● WORK INSTRUCTION:
What you output must be the exact lines from the first line of the data through the one holding "Şık Günlük Giyim", with no pictures.

Items from a data source:
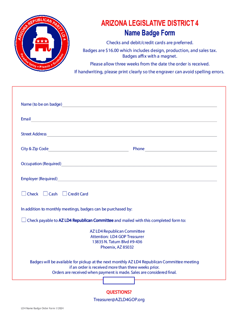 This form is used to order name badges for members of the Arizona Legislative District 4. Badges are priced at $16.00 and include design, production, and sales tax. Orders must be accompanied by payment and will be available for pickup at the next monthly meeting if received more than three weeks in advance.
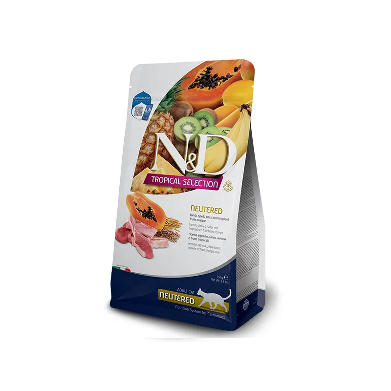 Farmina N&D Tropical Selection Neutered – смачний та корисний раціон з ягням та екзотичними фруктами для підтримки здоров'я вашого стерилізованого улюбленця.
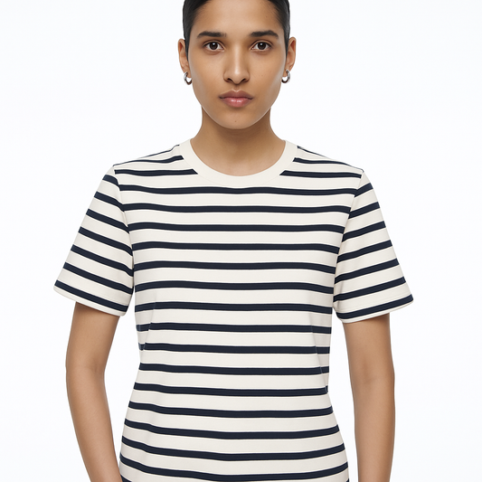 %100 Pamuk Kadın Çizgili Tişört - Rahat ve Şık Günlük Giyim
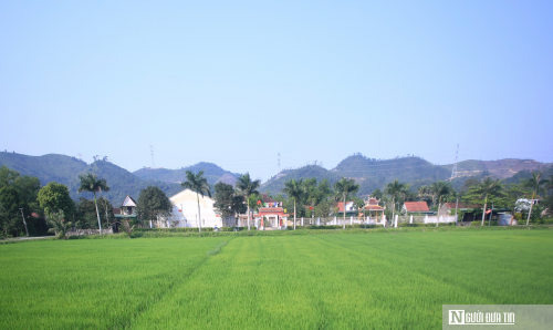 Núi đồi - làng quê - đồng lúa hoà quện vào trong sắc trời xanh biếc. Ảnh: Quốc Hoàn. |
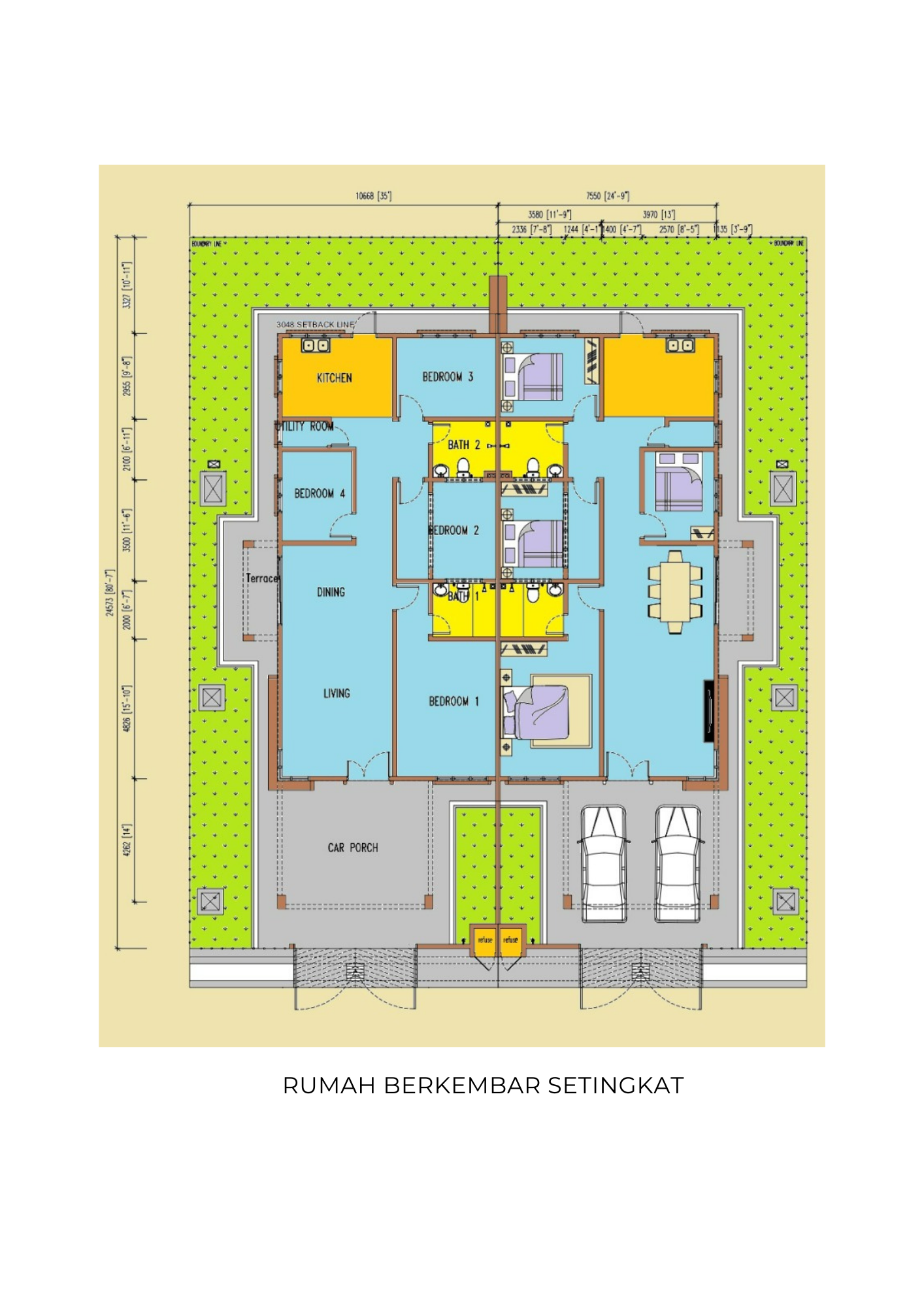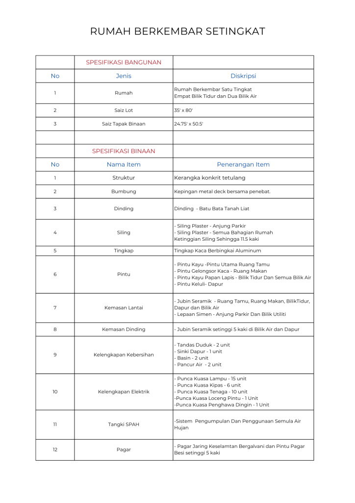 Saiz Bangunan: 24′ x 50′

● OUTPUT FOR THIS EXERCISE:
 This form is used to order name badges for members of the Arizona Legislative District 4. Badges are priced at $16.00 and include design, production, and sales tax. Orders must be accompanied by payment and will be available for pickup at the next monthly meeting if received more than three weeks in advance.
 Farmina N&D Tropical Selection Neutered – смачний та корисний раціон з ягням та екзотичними фруктами для підтримки здоров'я вашого стерилізованого улюбленця.
 %100 Pamuk Kadın Çizgili Tişört - Rahat ve Şık Günlük Giyim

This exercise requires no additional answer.